4. Il en résulte de l'instruction que, le vérificateur a constaté, sur la base des factures produites par lui, que M. B avait réalisé en 2013 et 2014 respectivement un chiffre d'affaires de 64 000 euros et de 53 500 euros. Le chiffre d'affaires de chaque année en cours afférent aux prestations de services réalisées par M. B dépassait ainsi le montant mentionné au b du 2° du I de l'article 293 du code général des impôts, soit 34 600 euros en 2013 et 2014, porté à 36 900 euros au cours de l'année 2014. Dès lors, c'est à bon droit que le service a estimé que M. B ne pouvait pas bénéficier de la franchise de taxe sur la valeur ajoutée en application du b du 1 du II du même article et a soumis au régime simplifié d'imposition le chiffre d'affaires facturé par M. B en 2013 et 2014.
5. En deuxième lieu, aux termes de l'article 269 du code général des impôts dans sa version alors applicable : " 2. La taxe est exigible : c) Pour les prestations de services autres que celles visées au b bis, lors de l'encaissement des acomptes, du prix, de la rémunération ou, sur option du redevable, d'après les débits. () ".

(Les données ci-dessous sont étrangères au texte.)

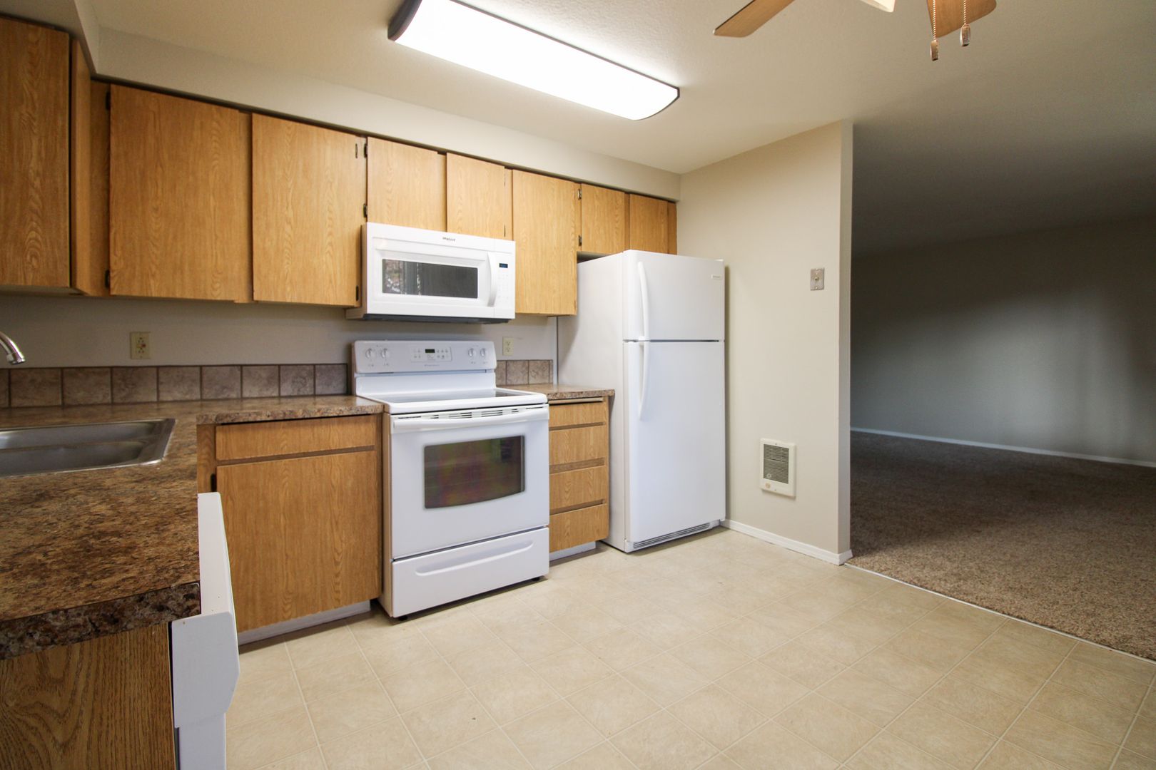 The kitchen includes a refrigerator, microwave, dishwasher and stove/oven. The unit also features cadet wall heaters, ceiling fan, vinyl windows, washer/dryer hookups, on-site laundry room, on-site fitness room, assigned parking and off-street parking.

6. Compte tenu des règles d'exigibilité prévues par ces dispositions, c'est à bon droit que l'administration a pris comme bases d'imposition les recettes encaissées par M. B sur ses comptes bancaires, soit 50 882,84 euros en 2013 et 57 381,01 euros en 2014.
7. Enfin, M. B, à qui incombe la charge de la preuve compte tenu de l'application de la procédure de taxation d'office dont il a fait l'objet, ne produit aucun justificatif permettant de démontrer que certains des encaissements figurant sur ses comptes bancaires correspondraient à des remboursements, par la SARL FGI, de divers frais qui ne seraient pas imposables et qui devraient de ce fait être exclus de la base d'imposition à la taxe sur la valeur ajoutée.
8. Il résulte de ce qui précède que M. B n'est pas fondé à soutenir que c'est à tort que, par le jugement attaqué, le tribunal administratif de Nantes a rejeté sa demande. Par voie de conséquence, ses conclusions relatives aux frais liés au litige doivent être rejetées.
D E C I D E :
Article 1er : La requête de M. B est rejetée.
Article 2 : Le présent arrêt sera notifié à M. A B et au ministre de l'économie, des finances et de la souveraineté industrielle et numérique.
Délibéré après l'audience du 2 mars 2023, à laquelle siégeaient :
- Mme Perrot, présidente de chambre,
- M. Geffray, président-assesseur
- M. Penhoat, premier conseiller.
Rendu public par mise à disposition au greffe le 17 mars 2023.
Le rapporteur
J.E. CLa présidente
I. PerrotLa greffière
S. Pierodé
La République mande et ordonne au ministre de l'économie, des finances et de la souveraineté industrielle et numérique en ce qui le concerne, et à tous commissaires de justice à ce requis en ce qui concerne les voies de droit commun contre les parties privées, de pourvoir à l'exécution de la présente décision.